None of this week's three most interesting tool-calling projects came out of
a model vendor's blog. All three are solo or small-team efforts stitching
Claude, Codex, and cheaper models together through skills, subagents, and
MCP — the parts of the stack Anthropic and OpenAI ship as raw primitives but
don't finish for you.

[Pilotfish](https://github.com/Nanako0129/pilotfish) packages a pattern
Anthropic benchmarked but never shipped as a product: let Fable 5 plan and
review inside your main Claude Code session, and hand the actual execution to
cheaper Sonnet or Haiku subagents. On BrowseComp, that combination lands at
86.8% accuracy against Fable-alone's 90.8% — roughly 96% of the performance
for 46% of the cost. Pilotfish's contribution is packaging that as a handful
of fixed roles and a one-prompt installer, rather than a sprawling catalog of
agents. The catch shows up more in Anthropic's own write-up than in
pilotfish's docs: Fable's edge isn't the checklist work you can hand off,
it's noticing something's wrong when nothing on the checklist says so, and
that doesn't delegate to a cheaper model. If your Claude Code bill is the
actual problem, try it. If you're leaning on Fable for judgment calls, keep
it in the loop instead of behind one.

[GeosQL](https://github.com/dekart-xyz/geosql) turns Claude or Codex into a
geospatial analyst that writes real PostGIS, BigQuery, and Snowflake SQL
instead of guessing table names: it explores your warehouse schema first,
dry-runs BigQuery queries against a 10 GiB cap before executing them, and
renders results on a map so the agent can catch a geometry mistake a
text-only review would miss. That map-in-the-loop step is the actual idea —
the project's own comparison shows task success far lower without it. Worth
flagging: a commenter on the project's Hacker News thread pointed out that
the eval chart and the surrounding prose don't agree, a graph showing single
digits next to text claiming success across the board. It's trending on
GitHub regardless, and the underlying idea — let the agent see its output,
not just describe it — generalizes well past geospatial data.

[The AI Maker's write-up](https://aimaker.substack.com/p/claude-code-workflow-setup)
on wiring Codex into a Claude Code workflow is less about one tool than about
where MCP is actually landing a year in: as the connector to a handful of
external systems, with skills doing the cheap, repeatable orchestration
around them. A community project, ching-kuo's claude-codex, shows the shape
concretely — Codex reviews Claude's diffs over MCP and hands back only a
structured verdict, capped at three fix-and-recheck rounds, specifically so
a second opinion doesn't cost more than the bug it catches.

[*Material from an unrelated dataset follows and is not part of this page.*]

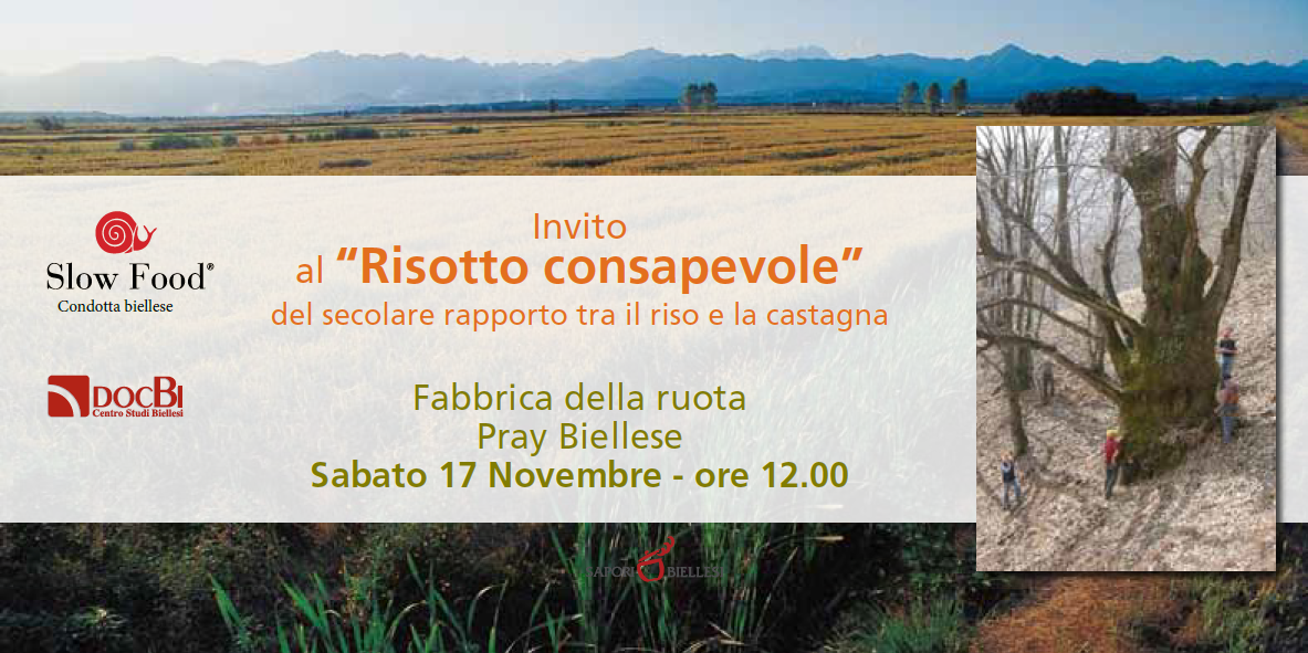 Stamattina si gustano le antiche ricette delle famiglie biellesi che insaporivano il risotto con le castagne raccolte nei boschi. A seguire incontri e anticipazione del nuovo libro di Tiziano Fratus, La linfa nelle vene.

Small pattern,
but it's the same one running through all three stories: nobody's waiting
for Anthropic or OpenAI to ship the glue between their own tools, so people
are writing it themselves in skills and thin MCP wrappers.

Of the three, pilotfish is the one I'd actually install — the cost math
holds up, and it doesn't ask me to trust a chart that contradicts its own
text. GeoSQL's map-in-the-loop trick is the one I'd steal for something
outside geospatial work, once someone reconciles those numbers.